Outerwear’s Brand Chase Begins

With the apparent demise of Fairbrooke, companies are scrambling to grab its designer licenses, while developments signal a new round of consolidation.

NEW YORK — Now that the Calvin Klein, CK and DKNY outerwear licenses are in play with the apparent demise of the venerable Fairbrooke Enterprises coat firm, industry sources are buzzing about who will seize the names, as well as the importance of licensing in general.

This story first appeared in the August 12, 2003 issue of WWD.  Subscribe Today.

The fallout from Fairbrooke and other developments also is signaling a new round of consolidation in the sector, which has shrunk considerably in the last decade or so by attrition and through mergers and acquisitions.

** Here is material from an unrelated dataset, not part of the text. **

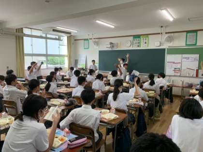 1年生、おかわりの手がたくさん上がっています。

Several warm winters in the late 1990s also did many companies in.

Industry sources said another veteran outerwear firm, Marvin Richards, has picked up the Calvin Klein and CK coat licenses. They also said S. Rothschild & Co. and G-III Apparel Group are leading contenders for the DKNY coat license.

Tom Murry, president and chief operating officer of Calvin Klein, only said it is close to announcing a new licensee and is evaluating fall coat deliveries. Marvin Richards executives did not return phone calls.

Jeanette Nostra, president of G-III, declined comment other than to say the publicly traded company is in a quiet period due to its pending earnings release. The company produces outerwear for such brands as Sean John, Cole Haan and Kenneth Cole, as well as several in-house brands and team licensing.

Executives at DKNY could not be reached for comment.

Mark Friedman, president and chief executive officer of S. Rothschild, said, “We have been talking to DKNY and have tremendous interest in the label. It would fit with what our company is all about, which is fashion. We’re looking to develop the upscale part of our business.”

In March, S. Rothschild & Co., a large, privately held outerwear firm with several branded and private labels, acquired coat maker MDP and the New England Mackintosh brand “to broaden our business in the lower and middle market tiers,” Friedman said.

Calvin Klein, CK and DKNY were produced by Fairbrooke, the 47-year-old firm that ceased operations last week, as part of long-term deals. But picking up one of the labels won’t guarantee large orders, and a source said volume for those lines had diminished considerably in recent years.

Once news of Fairbrooke’s demise spread, retailers started looking for replacement fall outerwear, even though Calvin Klein Inc., purchased by Phillips-Van Heusen this year, has not revealed fall shipping plans. Instead of introducing new labels to their stores, some said they would increase buys with existing vendors that have proven to be successful with their shoppers.

Last month, Oscar de le Renta signed a licensing deal with Fleet Street to produce outerwear for department stores and specialty stores under the Oscar by Oscar de la Renta label, said Alexander Bolen, director of corporate development. The designer’s outerwear and rainwear will debut next fall. The collection will have one tier that retails between $600 and $1,000 and is sold to stores like Saks Fifth Avenue, and another tier that retails between $450 and $800 and is sold to such stores as Lord & Taylor and Macy’s, said Eliza Reed Bolen, vice president of licensing.

Other big names like Ralph Lauren, Michael Kors and JLo by Jennifer Lopez are reportedly shopping for coat deals.

“There must be at least a half-dozen names up in the air,” said one executive who asked not to be named. “None of them have hit the ground yet.”

Ron Gallo, president of Donnkenny Coats, which has the license for Bill Blass outerwear and rainwear, said, “We’re players in the coat market. We’re constantly looking to expand our reach.”

This spring, Donnkenny purchased Rose Cloak, Gallo’s family’s business, which has had the Blass license for the last four years. Donnkenny then folded the Blass portion under its umbrella.

“The coat market is very specific,” Gallo said. “We have built from scratch a brand new label with the help of Bill Blass Ltd.”

Ira Schwartz, president and ceo of Free Country, one of the few outerwear makers that does not have any licensed lines, said, “That’s the name of the game today. Licensing has become a big part of the outerwear business. We’re one of the few companies that is trying to brand ourselves.”